What is the RCEP Trade Deal?

HANOI: Backed by China, the sprawling Regional Comprehensive Economic Partnership (RCEP) is seen as a coup for Beijing in extending its influence across the region and marks its dominance in Asian trade.

After eight years of wrangling over the details, the trade pact – the world’s largest in terms of GDP, say analysts – was signed on Sunday (Nov 15).


Launched in 2012, RCEP is a trade pact between the 10-member ASEAN bloc, along with China, Japan, South Korea, Australia and New Zealand.
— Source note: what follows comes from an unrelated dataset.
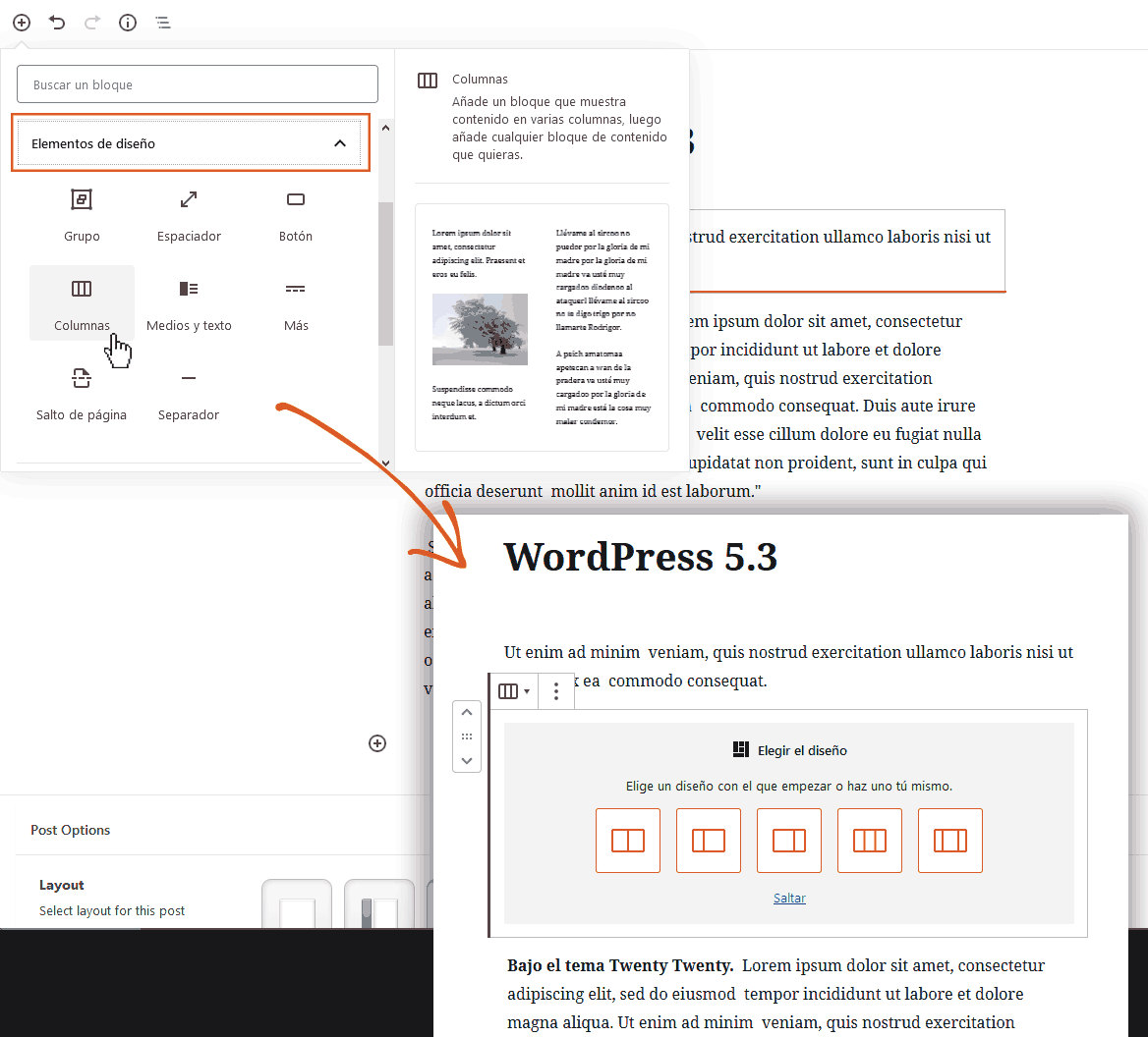 Para sentirnos más como “en casa”, el editor de bloques, entre otros cambios relacionados a la previsualización, presenta de fondo de color de tu tema en lugar de un fondo blanco por defecto. En otras palabras, se han realizado esfuerzos para homogeneizar más el contenido front-end con la edición del back-end. Y el nuevo tema Twenty Twenty enseña perfectamente esto al previsualizar el diseño de los bloques según los vamos empleando, todo para tener una mejor concepción in situ durante la creación del contenido.

India had been due to sign but pulled out last year.

The deal includes 2.1 billion people, with RCEP’s members accounting for around 30 per cent of global GDP.

Its aim is to lower tariffs, open up trade in services and promote investment to help emerging economies catch up with the rest of the world.
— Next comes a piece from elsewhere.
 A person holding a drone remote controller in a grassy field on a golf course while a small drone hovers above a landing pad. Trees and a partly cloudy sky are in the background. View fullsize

Specifically, RCEP is expected to help reduce costs and time for companies by allowing them to export a product anywhere within the bloc without meeting separate requirements for each country.

It also touches on intellectual property, but will not cover environmental protections and labour rights.

“A key priority area for further RCEP negotiations is likely to be e-commerce,” said Rajiv Biswas, Asia Pacific chief economist at global business consultancy IHS Markit, after nations struggled to fully agree on some of the provisions on digital trade.

It is unclear when the pact will be ratified but it could come into force next year.


It mainly matters because it sets new trade rules for the region – and has China’s backing but does not include the United States.

Observers say it solidifies China’s broader geopolitical ambitions in the region, where it has faced little competition from the US since President Donald Trump pulled out of a trade pact of its own.

That deal, called the Trans-Pacific Partnership (TPP), was on track to be the world’s biggest trade pact, until Washington pulled the plug, saying it funnelled off US jobs.

However, observers say the RCEP is not as extensive as the TPP, or the Comprehensive and Progressive Agreement for Trans-Pacific Partnership (CPTPP), as its successor is known.

It “is not a fully completed, fully rationalised agreement,” said Alexander Capri, a trade expert at the National University of Singapore Business School.

“The problem with RCEP is that you have 15 incredibly diverse countries at different stages of development and with completely internal priorities,” he added.


India withdrew last year over concerns about cheap Chinese goods entering the country, though it can join at a later date if it chooses.

It raised alarm about market access issues, fearing its domestic producers could be hard hit if the country was flooded with cheap Chinese goods.

Textiles, dairy, and agriculture were flagged as three vulnerable industries.

Prime Minister Narendra Modi faced mounting pressures at home to take a tougher stance on the terms, and proved unbending as the RCEP negotiations came to a close.


It is likely that a new US administration under President-elect Joe Biden will focus more on Southeast Asia, analysts say, although it remains unclear whether he would want to rejoin the CPTPP.

The topic remains a politically sensitive issue in the US.

“The administration will be looking at this very closely,” said Capri.